От этой фразы в комнате заметно похолодало, и Вупи инстинктивно прикрыла руками живот, как всегда в последнее время делала, если… если что-то не так было вокруг.

Бо посмотрел спокойно, и внезапно у нее сжалось сердце: она поняла, что сейчас они все уладят, уладят от начала до конца, что не произойдет того, чего больше всего боялась: он не скажет: «Да, и хорошо бы вы вернули их до пятницы» (в это не верила по-настоящему, не похоже было на Бо совершенно, но даже в таком случае – Алекси верно сказал – ну, назанимали бы, не умерли; у той же Фельки… Словом, не умерли бы). Было ясно уже, что не скажет: «Да, и верните, пожалуйста, вдвое – за нанесенный мне ущерб», – но сердце сжалось все равно, потому что Бо смотрел на нее в этот момент как совершенно чужой человек, смотрел тяжелым холодным взглядом, каким смотрят на не очень удачного должника, с которым никогда не вел бесед о жизни до трех часов ночи на студийной кухне, который никогда не бывал у тебя дома и с женой твоей не перезванивался каждые несколько дней, у которого ты на свадьбе шафером не был. Сердце сжалось, потому что до слез стало жалко, что этот человек навсегда выходит из твоего мирка, больше не вернется, – потому что предательства, даже по глупости совершенного, простить не сможет. Господи, подумала, раньше не понимала никогда, как люто он боится полиции, как люто они все боятся полиции! Ведь все время наплевательское такое отношение, ведь фактически в открытую все, студии себе здания строят, на сетах фирменные клейма ставят, в базах числятся, – и все время, пока работала в этом мирке, было ощущение, что здесь кладут на полицию, клали, имели ее в виду, что непонятно даже, где ее, полиции, место во всей этой нелегальной жизни… И вот как оно, оказывается, на самом деле. И когда Бо заговорил, слово «детка» коробило слух, потому что за эти двадцать минут – впервые – приобрело едва ли не угрожающий оттенок.

– Я не сомневаюсь, детка, что вы отдадите.

Тут бы и надо попросить у него отсрочки – на год или хотя бы на полгода, как они с Алекси планировали, – но Вупи стало в одну секунду кристально ясно, что это будет более чем неуместно, неуместно – и, может, даже опасно, потому что в ответ он может предложить увеличить сумму… Потому что от Бо, каким его знала Вупи, про которого Фелька, фыркая, говорила: «Отец родной», – от такого Бо сейчас ничего не осталось в этой комнате.
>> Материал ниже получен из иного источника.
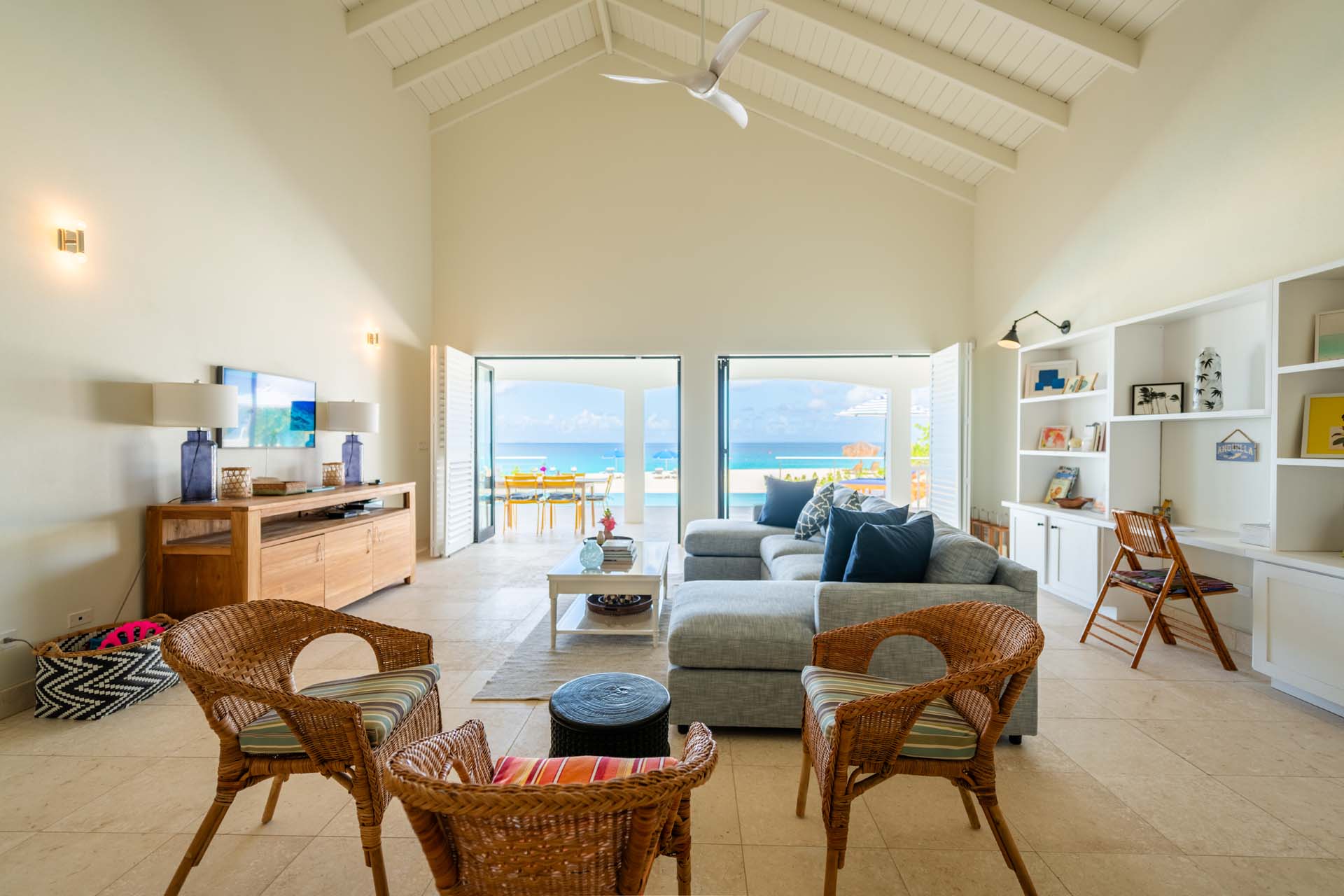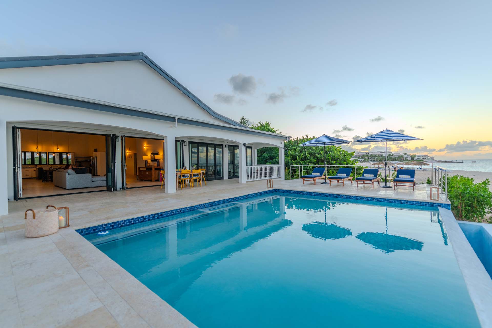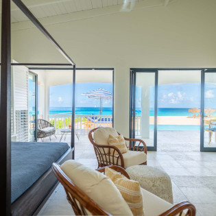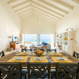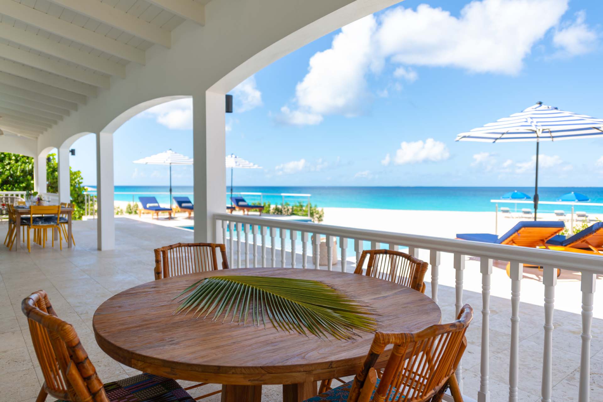 Thoughtfully designed to maximize its spectacular beachfront setting, The Cottage at Meads Bay invites guests to fully embrace the island’s natural beauty. Covered outdoor dining and lounge spaces allow for relaxed breakfasts, leisurely afternoon cocktails, or evening meals under the stars—all while soaking in the warm sea breeze and panoramic ocean views.

Остался незнакомый злой человек, – и спасибо, что он вообще готов был идти тебе навстречу. Вупи так и сказала:

– Спасибо.

– Не за что, детка, – сказал Бо. – И еще: прости, но мне, как я объяснял, придется звонить направо и налево обо всем происшедшем, причем – сгущая краски. Есть, знаешь, легенда о том, что кое-кто на студиях стучит полиции. За руку пока не хватали, но легенда есть. Ты станешь первой, как бы за руку схваченной. Потому что Ковальски хотел именно этого. А я сейчас склонен делать то, что он хочет. И я боюсь, что в нашей маленькой индустрии ты себе больше работы не найдешь. Пожалуйста, принимай это в расчет. И извини, что так получилось.

Глава 101

У нее очень странная внешность, очень, и тянет спросить: насколько тут вообще морф, насколько – свое? Потому что гладкая совершенно кожа и очертания личика детские – это, ясно, морф, может, даже и подправленный уже, годы-то идут. Но вот крошечные и очень странно, как в японском театре, приподнятые брови и очень круглые, с тяжелыми веками глаза – это не морф, кажется; по крайней мере, трудно придумать такой морф; скулы высокие, точно не морф; но вид у нее в целом изумительно странный, особенно учитывая очень тяжелый, очень зрелый взгляд. Кто-то рисовал такие картины, сейчас не вспомнить кто. Прошлый век; кролики с длинными шеями и девочки с кусками мяса в руках… И с такими лицами.

– Я не морф, мистер Хипперштейн. Я карлица. Лилипут, вернее.

Ух ты.

– Простите, я не хотел вас смутить. Сделаю, по крайней мере, комплимент: для карлицы вы очень пропорциональны. Вы действительно выглядите как девочка. Вот только взгляд.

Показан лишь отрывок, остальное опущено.